WASHINGTON — The House Jan. 6 committee will meet Friday with a Secret Service agent who was in the lead car of former President Donald Trump’s motorcade on the day of the riot, three sources familiar with the matter said.
The committee also has plans to meet in the near future with the driver of the SUV that Trump rode in on Jan. 6, 2021, the sources told NBC News.
The two interviews could shed light on the bombshell testimony that Cassidy Hutchinson, a former top aide to then-White House chief of staff Mark Meadows, delivered before the committee during a public hearing this summer.
The lead car was in front of Trump’s presidential vehicle on the day of the attack, according to CNN, which first reported the Friday meeting with the agent.
Anthony Guglielmi, the top spokesperson for the Secret Service, testified earlier this week before committee investigators about the testimony that Hutchinson shared under oath.
She said after his rally on Jan. 6, Trump tried to grab the steering wheel inside an armored SUV and lunged toward his security detail when he learned that he would not be taken to the Capitol, where a mob of his supporters were gathering.
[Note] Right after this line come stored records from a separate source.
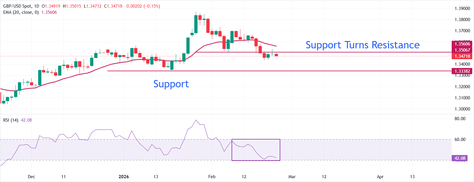 20 günlük Üstel Hareketli Ortalama (EMA) aşağı doğru eğim gösteriyor ve 1,3561 seviyesinde üstte yer alıyor, toparlanmaları sınırlıyor ve kısa vadeli yumuşak bir ton sağlıyor. Fiyatın 19 Şubat'taki 1,3434 seviyesinin altında kapanması durumu, 19 Ocak'taki 1,3344 seviyesine karşı savunmasız hale getirebilir.
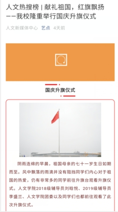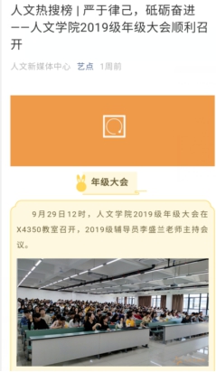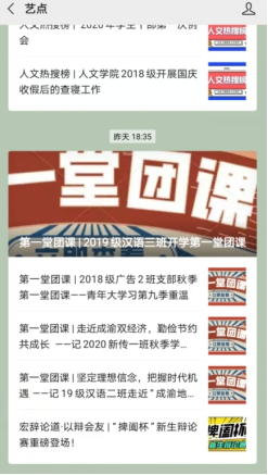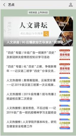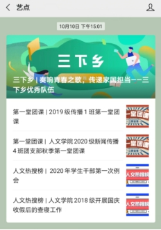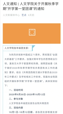 官方微信公众号“艺点”发布开展秋季学期“开学第一趟团课”通知,指导全院学生结合爱国主义教育主题和优秀传统文化教育主题开展第一堂团课。
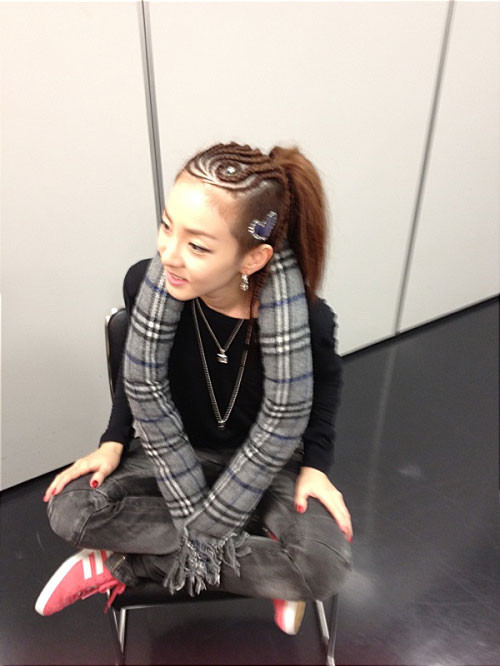 공개된 사진 속 산다라박은 반삭헤어에 하트 스크래치를 새긴데 이어 콘로우 헤어를 멋지게 소화해내고 있다.

Hutchinson said Tony Ornato, the White House deputy chief of staff for operations, told her about the incident. She also said Bobby Engel, who led Trump’s security detail, had not disputed Ornato’s account. Ornato and Engel both testified before the committee prior to Hutchinson’s testimony.
Hutchinson’s testimony came under scrutiny after sources said two witnesses were prepared to testify under oath that the incident never happened.
These interviews are part of the committee’s depositions with several key Secret Service figures, including the head of former Vice President Mike Pence’s detail, Tim Giebels; the current agency spokesperson Anthony Guglielmi; former Secret Service Agent John Gutsmiedl; as well as several members of the details assigned to the motorcade carrying Trump to and from the White House on the day of the attack.
The committee subpoenaed the Secret Service for communications in July, shortly after it was revealed that most text messages sent by agents via. their official cellphones on Jan. 5 and 6, 2021, were deleted as part of a pre-planned phone upgrade.
According to two sources familiar with the matter, the Secret Service provided congressional investigators with more than 1 million electronic communications sent by agents in the lead-up to and during the insurrection at the Capitol, NBC News reported in October.
While the communications do not include text messages, they do include emails and other electronic messages, a Secret Service spokesperson said. The communications may shed light on lingering questions, including contact agents may have had with rioters, their efforts to protect then-Vice President Mike Pence and what occurred inside Trump’s car when he allegedly ordered Secret Service agents to take him to the Capitol.